# Sticky  SALES BOARD RULES and POSTING GUIDELINES-IMPORTANT



## Andy

By posting in this board, you are agreeing to all the terms below and acknowledging that you clearly understand these Rules (subject to change at any time).

*Seller Types*

Occasional Sellers - Those members who are looking to sell personal items, but do not have any form of online store
Member Sellers - Those members who are looking to sell both personal items as well as items for resale. Member Sellers may also have "personal" online stores on eBay, Facebook, Etsy, or their own website. Member Sellers' website or selling channel will be listed in a single "sticky" thread at the top of this board
Commercial Sellers - Those member accounts aligned with a commercial entity or brand who derive all or substantial portion of their income from the sale of clothing or accessories.
*Seller Restrictions*

Occasional Sellers have no thread post limit, however, may not have more than $1,000 of active listings at a time
Member Sellers have no thread post limit, however, may not have more than $1,500 of active listings at a time
Commercial Sellers may post up to 2 threads per month, with a maximum value of $1,000 of active listings at a time
*Posting Rules (Applies to ALL SELLERS)*

NO linking to any external stores or website (eBay, Facebook, Etsy, website, etc.) within threads/posts or your signature.
Sellers may only sell (1) item or (1) type of item per thread. If selling more than (1) quantity of the item type, all items must be priced the same.
Thread MUST contain a clear thread title, detailed description, pricing information, and at least one (1) photo. The more photos, the better.
Pricing information MUST appear at the top of the thread content.
State the condition of what you are selling, e.g.: NWT, NWOT, NIB, Used, Excel, etc.
State the location/shipping info unless you are shipping free.
*Item Type Information*

As noted above, each thread may only contain (1) item or (1) type of item.

For example, if you are selling one tie, the listing should meet all of the above criteria from the *Posting Rules* section.

If you are selling 10 ties, all ties MUST be priced the same within the listing, and you must provide photos for each dissimilar item. Meaning, if you are selling (5) blue ties and (5) red ties, you must provide photos of each color tie.

The above policy must be followed for any item type being sold, not just ties.

*Descriptive Titles*

For the benefit of all, each thread title should be as descriptive as possible and contain the brand and type of product for sale.

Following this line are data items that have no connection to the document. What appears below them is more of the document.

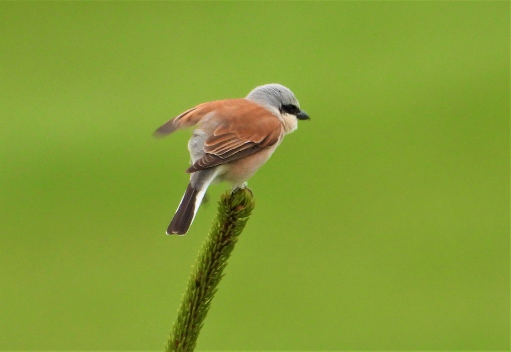 Ein Spaziergang im Paradies! Den haben wir heute mit Birgit gemacht und dabei wilde Natur entdecken können. Das Highlight waren die vielen balzenden Neuntöter (Lanius collurio). Die Männchen mit ihrer schmalen, schwarzen Gesichtsmaske saßen auf den Tannenspitzen und ließen ihren Balzgesang hören. Erst jetzt kommen sie aus ihrem Winterquartier in Afrika zurück. Wir haben bestimmt ein Dutzend gesehen! Am Ende des Videos (unten) hört man den Balzgesang.
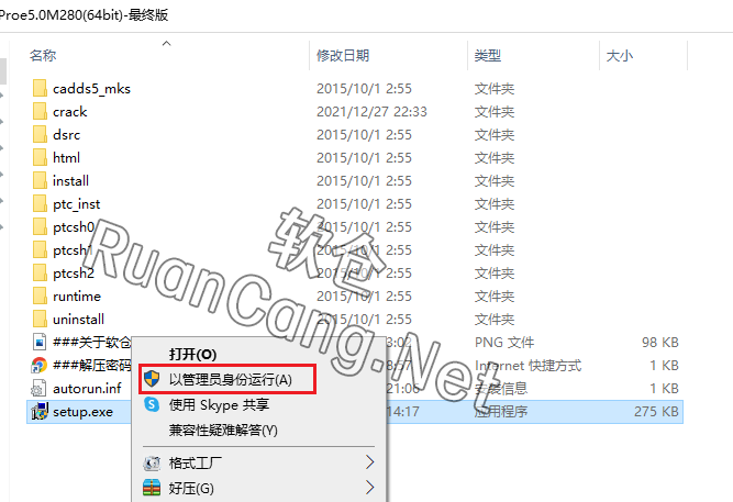 7.打开安装包解压后的【Proe5.0M280(64bit)】文件夹,鼠标右击【setup】选择【以管理员身份运行】。
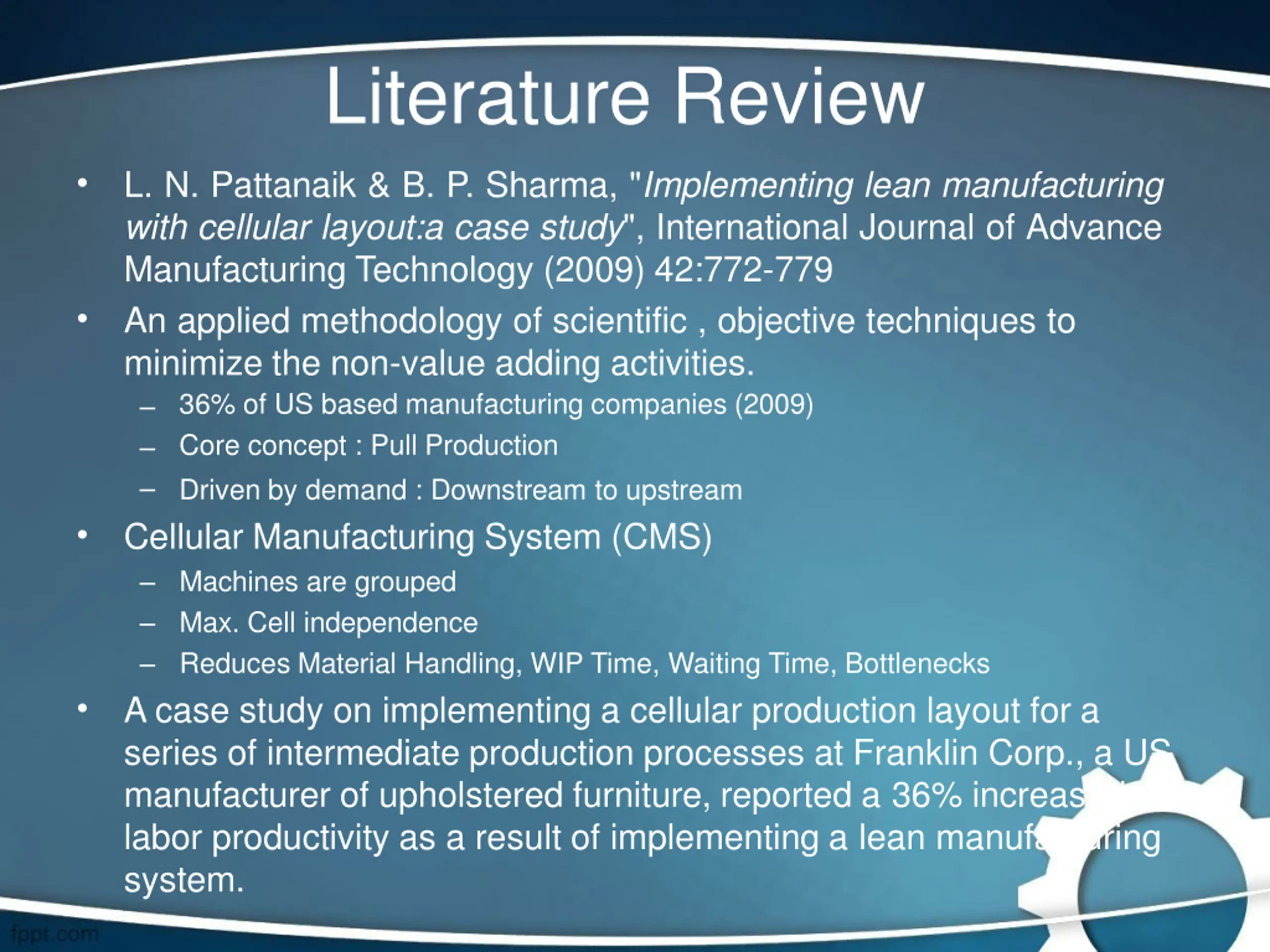 Literature Review L. N. Pattanaik & B. P. Sharma, "Implementing lean manufacturing with cellular layout:a case study", International Journal of Advance Manufacturing Technology (2009) 42:772-779 An applied methodology of scientific , objective techniques to minimize the non-value adding activities. Driven by demand : Downstream to upstream Cellular Manufacturing System (CMS) Machines are grouped Max. Cell independence Reduces Material Handling, WIP Time, Waiting Time, Bottlenecks A case study on implementing a cellular production layout for a series of intermediate production processes at Franklin Corp., a US manufacturer of upholstered furniture, reported a 36% increas labor productivity as a result of implementing a lean manufa uring system. 36% of US based manufacturing companies (2009) Core concept : Pull Production in
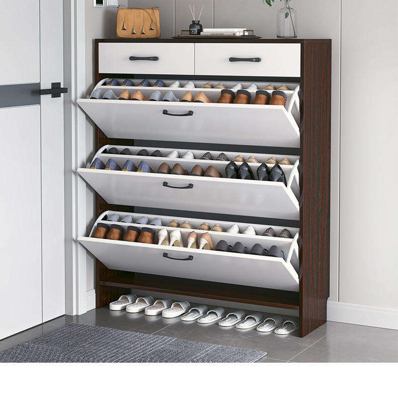 Custom Modern Apartment Living Room Shoe Cabinet Storage 4-Shelf Foldable Flip Cover Dustproof Artificial Board 24-35 Pair Home
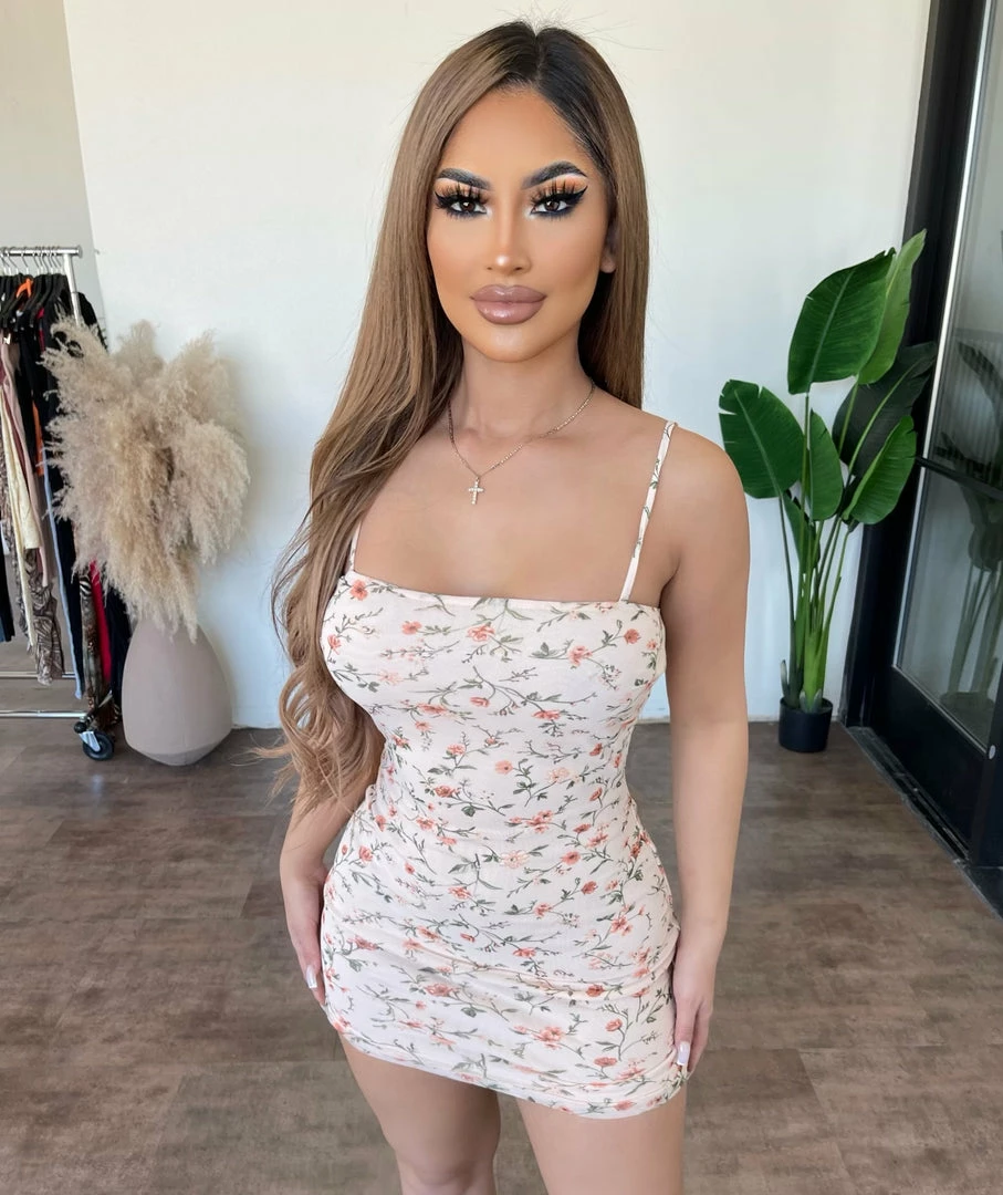 ~Dress made nice mesh floral print material non-adjustable straps, Dress goes great with a cropped jacket and perfect with many heelsÂ
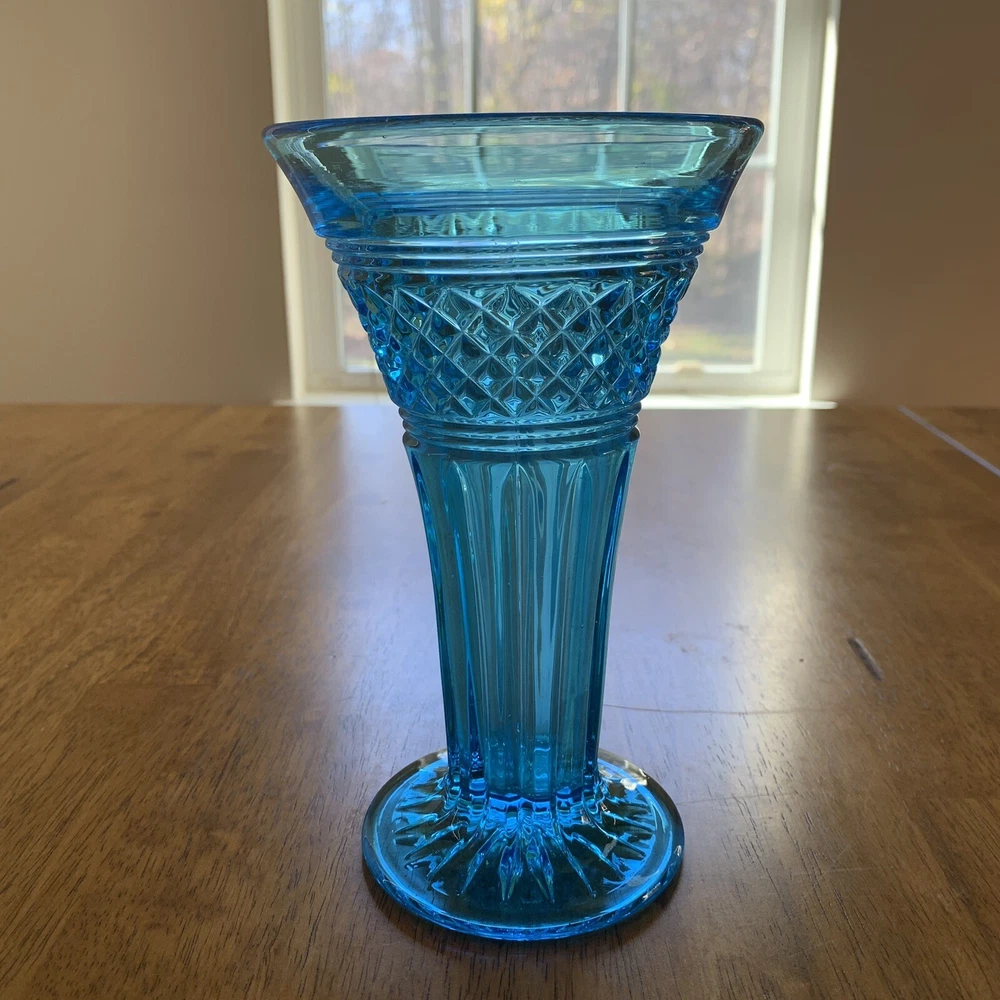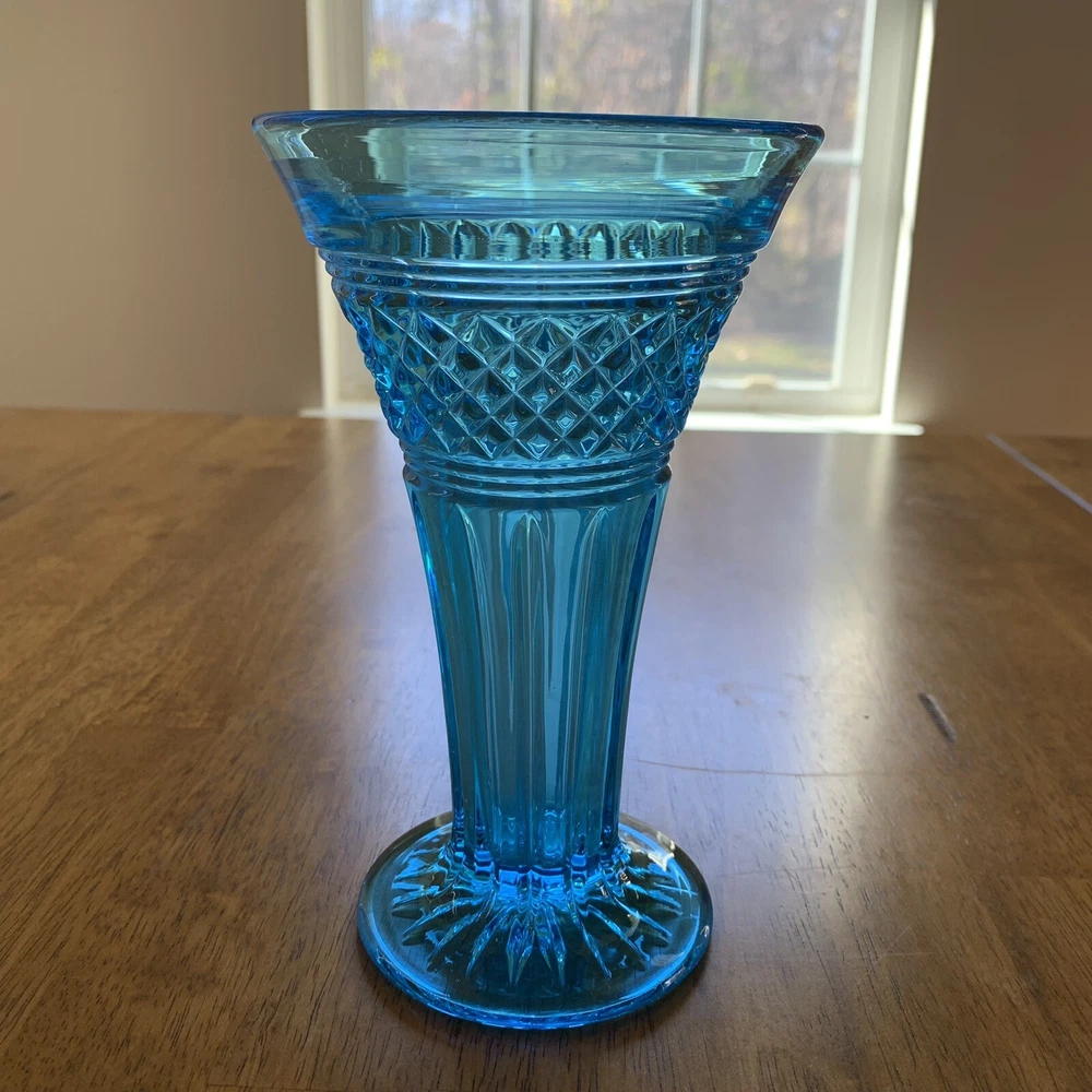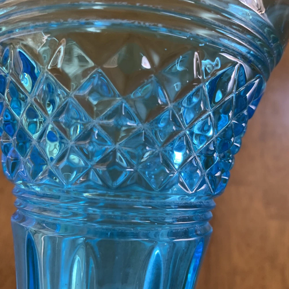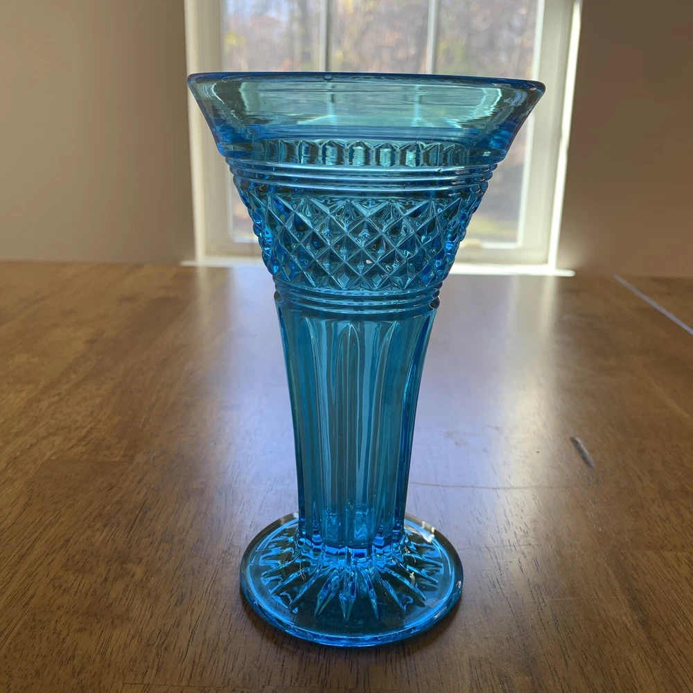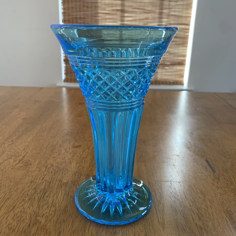 Model: Tiffin-Francisan Baronial Item Height: 7 5/8 inches Origin: United States Country/Region of Manufacture: United States Era: Early 20th Century (1911-1940) Year Manufactured: 1920 Production Style: Art Glass Type: Vase Item Width: 4 1/2 inches Wide At Top Material: Glass Finish: Glossy Antique: Yes Brand: Tiffin-Francisan Pattern: Diamond and Crisscross Item Weight: 1 lb 7.1 ounces Features: Decorative Time Period Manufactured: 1920-1929 Color: Blue

Example: 5 Beautiful Ralph Lauren Ties | Like New | $15 each

*Bumping Threads (Unsold Items)*

Bumping threads of unsold items is allowed, once per week only.

*Sold Items*

Once an item has been sold, the seller MUST add the "Sold" prefix to thre thread title.

*Questions?*

Please send any questions, comments or suggestions via our Contact page.


----------



## iam.mike

*Setting "sold" Prefix*

1. Open Thread
2. Click Thread Tools > Edit Title
3. Select "sold" from 'prefix' box dropdown selection


----------